C’est aujourd’hui un homme de près de quatre-vingt-dix ans. Le temps ne semble pas avoir calmé ses appétits et il vit entouré de bayadères alanguies et peu vêtues. Il m’a reçu avec plaisir car il ne doit plus être sollicité par grand monde désormais. Personne ne lui a jamais demandé de raconter sa vie et il le regrette. Il n’éprouve aucune gêne à dévoiler les machinations dont il s’est rendu coupable. Certes, elles l’ont enrichi et il ne s’est guère embarrassé de morale pour les imaginer. Reste qu’il prétend avoir toujours agi « dans l’intérêt de ses clients ». Dans l’affaire qui nous occupe, le client, c’était Ludmilla.

Il avait fait tout son possible pour entretenir sa notoriété. Il avait en particulier organisé le voyage triomphal qu’elle avait effectué en Ukraine. Il l’avait accompagnée dans son village natal et mis en scène les bienfaits qu’elle avait eus pour cet endroit de sinistre mémoire pour elle.
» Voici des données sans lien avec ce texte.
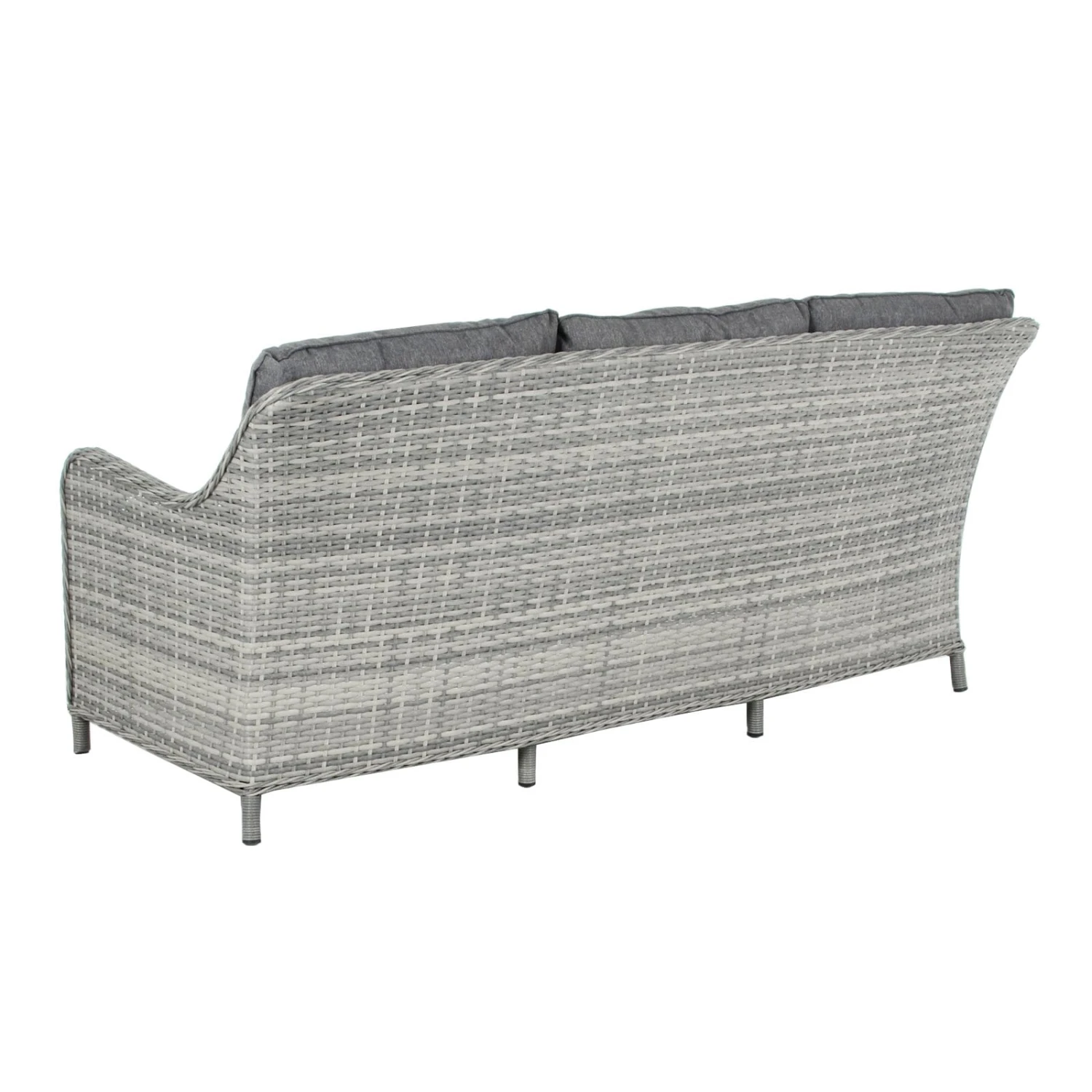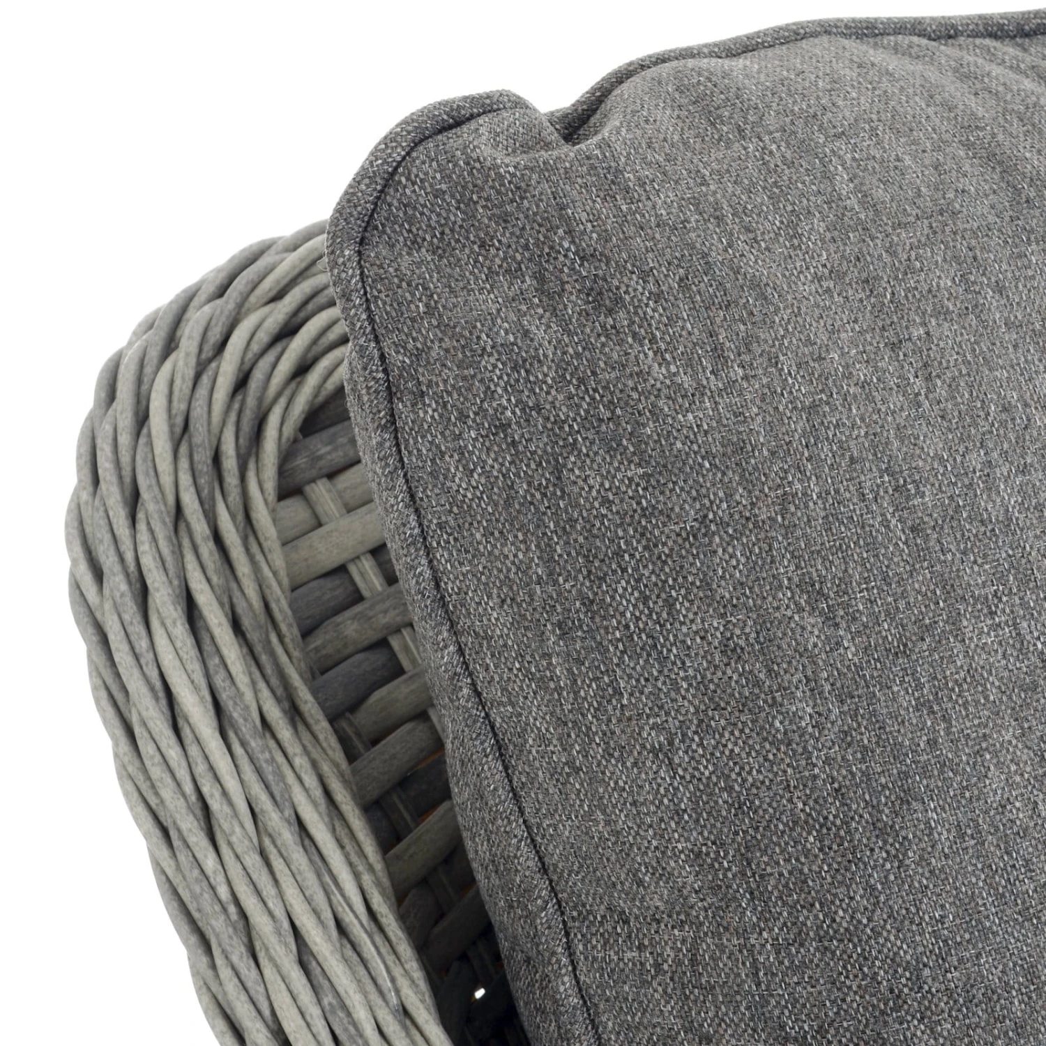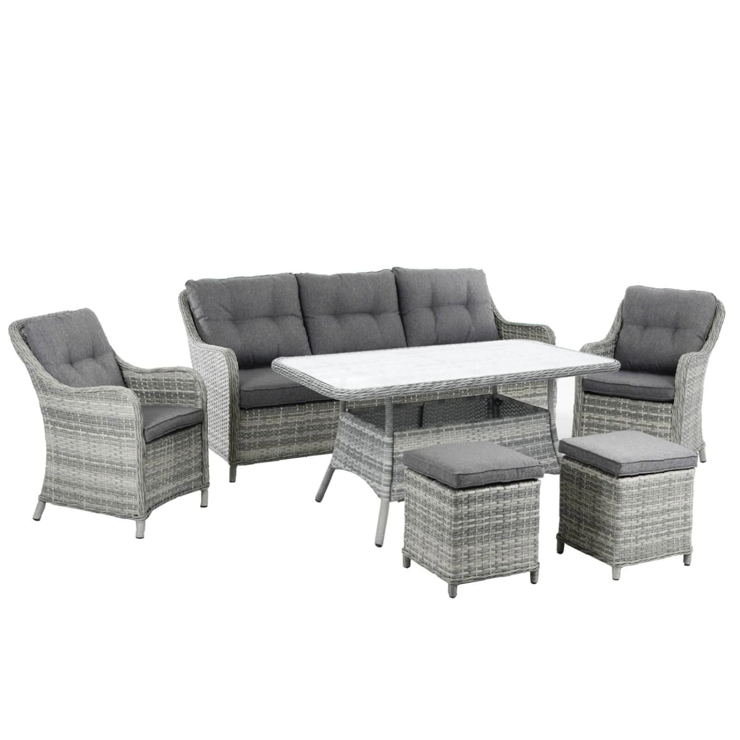 The luxurious, two tone, grey rattan Barletta Sofa Dining Set will seat 7 adults and includes a 3 seater sofa, 2 armchairs, 2 ottoman seats and a glass topped dining table. Comes with grey seat pads and button tufted back cushions.

Cependant, les journaux ne s’étaient pas montrés très intéressés.

Rick sentait bien que, pour faire revenir Ludmilla à la une, il n’y avait plus qu’un seul coup à jouer. Il faudrait casser pas mal d’œufs pour cette omelette-là mais elle en valait la peine.

Beaucoup de détails de l’opération sont restés inconnus jusqu’à ce qu’il me les livre avec ingénuité pour qu’ils servent à l’élaboration de ce récit. Grâce à ses confidences, je suis en mesure de reconstituer à peu près fidèlement et dans son intégralité ce qui s’est déroulé en ce mois de mai, un peu moins d’un an après le mariage fastueux de Ludmilla et d’Edgar.